■ **PROBLEM DESCRIPTION**:
Copy exactly the lines of the records below, and only those lines, beginning with the line that contains "El alimentador programable" and ending with the line that contains "Fig + Amber".

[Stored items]
──────────────────────────────

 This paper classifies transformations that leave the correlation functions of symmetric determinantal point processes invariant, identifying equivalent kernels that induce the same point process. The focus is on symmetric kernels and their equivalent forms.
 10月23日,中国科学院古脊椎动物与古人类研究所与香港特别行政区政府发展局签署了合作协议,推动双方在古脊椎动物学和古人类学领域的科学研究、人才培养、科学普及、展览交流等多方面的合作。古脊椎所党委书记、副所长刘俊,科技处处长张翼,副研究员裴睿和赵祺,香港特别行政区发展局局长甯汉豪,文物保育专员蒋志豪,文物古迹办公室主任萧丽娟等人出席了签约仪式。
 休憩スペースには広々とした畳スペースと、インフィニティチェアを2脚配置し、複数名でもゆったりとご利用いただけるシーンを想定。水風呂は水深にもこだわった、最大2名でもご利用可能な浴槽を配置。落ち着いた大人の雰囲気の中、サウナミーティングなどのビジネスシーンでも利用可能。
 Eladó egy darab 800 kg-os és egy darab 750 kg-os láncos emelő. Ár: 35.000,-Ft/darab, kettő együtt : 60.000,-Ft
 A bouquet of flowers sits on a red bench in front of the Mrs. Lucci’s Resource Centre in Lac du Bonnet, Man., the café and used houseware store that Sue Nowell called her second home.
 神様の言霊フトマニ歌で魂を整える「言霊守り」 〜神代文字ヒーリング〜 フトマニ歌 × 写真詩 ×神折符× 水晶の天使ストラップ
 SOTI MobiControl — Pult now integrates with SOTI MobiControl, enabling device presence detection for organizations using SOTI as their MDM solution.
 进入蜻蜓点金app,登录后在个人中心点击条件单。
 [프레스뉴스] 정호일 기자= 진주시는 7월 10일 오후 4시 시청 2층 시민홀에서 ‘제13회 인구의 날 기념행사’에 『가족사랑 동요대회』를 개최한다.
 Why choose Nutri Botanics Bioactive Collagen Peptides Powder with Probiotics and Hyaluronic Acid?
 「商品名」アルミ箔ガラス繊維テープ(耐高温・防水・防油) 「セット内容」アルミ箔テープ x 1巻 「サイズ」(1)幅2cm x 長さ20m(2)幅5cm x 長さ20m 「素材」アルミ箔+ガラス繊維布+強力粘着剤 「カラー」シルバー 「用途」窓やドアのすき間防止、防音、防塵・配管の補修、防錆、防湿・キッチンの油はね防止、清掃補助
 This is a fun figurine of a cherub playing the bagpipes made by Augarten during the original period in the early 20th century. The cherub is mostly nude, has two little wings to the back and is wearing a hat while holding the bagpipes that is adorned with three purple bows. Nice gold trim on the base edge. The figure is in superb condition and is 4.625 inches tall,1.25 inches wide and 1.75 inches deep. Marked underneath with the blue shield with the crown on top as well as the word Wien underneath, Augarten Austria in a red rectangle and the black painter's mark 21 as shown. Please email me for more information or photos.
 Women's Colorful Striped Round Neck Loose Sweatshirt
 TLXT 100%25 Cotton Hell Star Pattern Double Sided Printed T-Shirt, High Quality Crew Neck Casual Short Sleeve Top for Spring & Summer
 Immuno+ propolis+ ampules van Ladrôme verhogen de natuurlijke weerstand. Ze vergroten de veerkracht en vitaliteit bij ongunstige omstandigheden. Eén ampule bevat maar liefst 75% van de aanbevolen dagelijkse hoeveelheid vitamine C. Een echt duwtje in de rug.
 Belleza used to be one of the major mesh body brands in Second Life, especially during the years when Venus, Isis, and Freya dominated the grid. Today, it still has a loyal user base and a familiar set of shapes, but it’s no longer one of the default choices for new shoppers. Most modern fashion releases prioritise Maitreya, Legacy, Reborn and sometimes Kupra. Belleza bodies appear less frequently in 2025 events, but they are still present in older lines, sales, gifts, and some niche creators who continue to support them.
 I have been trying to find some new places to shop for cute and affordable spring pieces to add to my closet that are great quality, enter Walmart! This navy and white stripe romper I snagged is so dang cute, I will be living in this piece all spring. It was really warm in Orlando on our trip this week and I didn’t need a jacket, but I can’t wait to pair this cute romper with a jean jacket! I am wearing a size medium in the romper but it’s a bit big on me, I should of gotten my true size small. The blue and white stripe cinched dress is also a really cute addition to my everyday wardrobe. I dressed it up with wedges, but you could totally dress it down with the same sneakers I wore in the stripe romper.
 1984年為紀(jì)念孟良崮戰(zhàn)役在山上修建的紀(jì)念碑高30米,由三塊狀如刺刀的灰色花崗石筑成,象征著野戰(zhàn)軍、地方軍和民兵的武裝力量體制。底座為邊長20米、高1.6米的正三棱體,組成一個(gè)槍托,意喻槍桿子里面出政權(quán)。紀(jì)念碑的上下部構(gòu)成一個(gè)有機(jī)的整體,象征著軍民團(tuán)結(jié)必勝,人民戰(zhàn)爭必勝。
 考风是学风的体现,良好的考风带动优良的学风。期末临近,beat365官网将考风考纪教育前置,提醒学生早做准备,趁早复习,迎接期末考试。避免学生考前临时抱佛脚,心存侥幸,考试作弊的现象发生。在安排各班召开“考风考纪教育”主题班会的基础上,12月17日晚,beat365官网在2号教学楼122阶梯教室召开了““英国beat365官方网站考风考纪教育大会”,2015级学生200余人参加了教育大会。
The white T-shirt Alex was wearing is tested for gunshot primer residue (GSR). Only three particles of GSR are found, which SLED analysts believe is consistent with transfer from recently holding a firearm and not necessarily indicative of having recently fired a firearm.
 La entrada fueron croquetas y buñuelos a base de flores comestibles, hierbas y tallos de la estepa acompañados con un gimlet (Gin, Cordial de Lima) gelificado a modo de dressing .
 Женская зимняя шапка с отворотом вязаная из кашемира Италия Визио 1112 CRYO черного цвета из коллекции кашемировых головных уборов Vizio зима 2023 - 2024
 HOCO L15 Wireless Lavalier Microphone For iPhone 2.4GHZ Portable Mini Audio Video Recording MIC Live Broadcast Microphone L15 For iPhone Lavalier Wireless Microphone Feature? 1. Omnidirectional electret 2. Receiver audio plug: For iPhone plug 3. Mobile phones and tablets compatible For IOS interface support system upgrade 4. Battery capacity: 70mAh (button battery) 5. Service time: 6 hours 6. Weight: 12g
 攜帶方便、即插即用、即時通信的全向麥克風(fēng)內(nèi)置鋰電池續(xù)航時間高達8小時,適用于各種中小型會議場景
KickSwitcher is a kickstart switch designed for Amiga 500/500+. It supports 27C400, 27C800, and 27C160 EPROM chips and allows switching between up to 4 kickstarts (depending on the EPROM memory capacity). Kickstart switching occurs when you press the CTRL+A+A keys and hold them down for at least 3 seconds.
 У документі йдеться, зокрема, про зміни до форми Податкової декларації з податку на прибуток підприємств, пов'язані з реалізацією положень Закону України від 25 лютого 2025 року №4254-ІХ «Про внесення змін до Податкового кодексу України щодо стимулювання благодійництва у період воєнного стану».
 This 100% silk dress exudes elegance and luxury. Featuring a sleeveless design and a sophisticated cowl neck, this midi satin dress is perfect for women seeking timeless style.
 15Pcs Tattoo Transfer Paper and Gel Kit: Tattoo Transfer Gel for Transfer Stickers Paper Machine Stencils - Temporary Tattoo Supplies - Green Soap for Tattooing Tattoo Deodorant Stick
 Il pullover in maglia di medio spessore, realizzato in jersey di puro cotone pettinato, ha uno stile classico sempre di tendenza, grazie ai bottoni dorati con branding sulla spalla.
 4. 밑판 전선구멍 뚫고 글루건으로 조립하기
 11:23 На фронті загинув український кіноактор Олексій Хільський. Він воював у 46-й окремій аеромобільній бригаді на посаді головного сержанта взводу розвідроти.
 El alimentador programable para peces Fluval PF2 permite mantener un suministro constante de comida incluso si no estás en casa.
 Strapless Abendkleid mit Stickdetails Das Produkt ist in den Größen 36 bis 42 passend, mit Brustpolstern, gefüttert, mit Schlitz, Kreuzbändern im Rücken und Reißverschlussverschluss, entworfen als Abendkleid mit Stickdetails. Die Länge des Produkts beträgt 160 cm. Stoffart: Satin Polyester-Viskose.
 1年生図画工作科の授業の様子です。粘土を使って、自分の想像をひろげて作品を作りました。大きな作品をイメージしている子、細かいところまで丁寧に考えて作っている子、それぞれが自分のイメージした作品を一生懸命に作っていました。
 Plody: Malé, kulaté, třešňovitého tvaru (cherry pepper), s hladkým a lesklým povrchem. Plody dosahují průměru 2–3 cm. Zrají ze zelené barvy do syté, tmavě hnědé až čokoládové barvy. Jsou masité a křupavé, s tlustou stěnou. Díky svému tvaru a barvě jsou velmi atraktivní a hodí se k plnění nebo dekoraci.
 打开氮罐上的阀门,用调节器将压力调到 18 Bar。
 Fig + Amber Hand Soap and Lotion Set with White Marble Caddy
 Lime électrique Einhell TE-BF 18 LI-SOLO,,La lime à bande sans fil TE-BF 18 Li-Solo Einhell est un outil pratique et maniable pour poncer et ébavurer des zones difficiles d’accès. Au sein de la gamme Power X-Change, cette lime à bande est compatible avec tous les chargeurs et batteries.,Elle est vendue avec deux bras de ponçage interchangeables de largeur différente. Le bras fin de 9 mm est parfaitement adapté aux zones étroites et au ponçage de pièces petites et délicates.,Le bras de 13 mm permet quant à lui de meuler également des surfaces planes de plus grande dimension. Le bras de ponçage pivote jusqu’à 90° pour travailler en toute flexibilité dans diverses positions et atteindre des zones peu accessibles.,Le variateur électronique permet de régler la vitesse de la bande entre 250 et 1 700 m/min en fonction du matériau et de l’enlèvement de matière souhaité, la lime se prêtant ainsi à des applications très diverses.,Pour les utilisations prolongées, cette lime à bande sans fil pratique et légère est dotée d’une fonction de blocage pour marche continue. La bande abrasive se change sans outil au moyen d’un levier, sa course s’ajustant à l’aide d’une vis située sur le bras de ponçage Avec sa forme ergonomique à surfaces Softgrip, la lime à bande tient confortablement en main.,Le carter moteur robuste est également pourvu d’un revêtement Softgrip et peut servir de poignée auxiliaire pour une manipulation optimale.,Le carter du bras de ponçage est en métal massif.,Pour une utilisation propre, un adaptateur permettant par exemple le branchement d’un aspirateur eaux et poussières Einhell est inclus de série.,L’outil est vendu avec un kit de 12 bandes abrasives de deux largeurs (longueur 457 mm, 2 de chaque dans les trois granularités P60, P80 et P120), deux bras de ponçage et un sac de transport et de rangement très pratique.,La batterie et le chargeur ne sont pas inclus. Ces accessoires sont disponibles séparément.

──────────────────────────────

■ **EXPECTED ANSWER**:
 El alimentador programable para peces Fluval PF2 permite mantener un suministro constante de comida incluso si no estás en casa.
 Strapless Abendkleid mit Stickdetails Das Produkt ist in den Größen 36 bis 42 passend, mit Brustpolstern, gefüttert, mit Schlitz, Kreuzbändern im Rücken und Reißverschlussverschluss, entworfen als Abendkleid mit Stickdetails. Die Länge des Produkts beträgt 160 cm. Stoffart: Satin Polyester-Viskose.
 1年生図画工作科の授業の様子です。粘土を使って、自分の想像をひろげて作品を作りました。大きな作品をイメージしている子、細かいところまで丁寧に考えて作っている子、それぞれが自分のイメージした作品を一生懸命に作っていました。
 Plody: Malé, kulaté, třešňovitého tvaru (cherry pepper), s hladkým a lesklým povrchem. Plody dosahují průměru 2–3 cm. Zrají ze zelené barvy do syté, tmavě hnědé až čokoládové barvy. Jsou masité a křupavé, s tlustou stěnou. Díky svému tvaru a barvě jsou velmi atraktivní a hodí se k plnění nebo dekoraci.
 打开氮罐上的阀门,用调节器将压力调到 18 Bar。
 Fig + Amber Hand Soap and Lotion Set with White Marble Caddy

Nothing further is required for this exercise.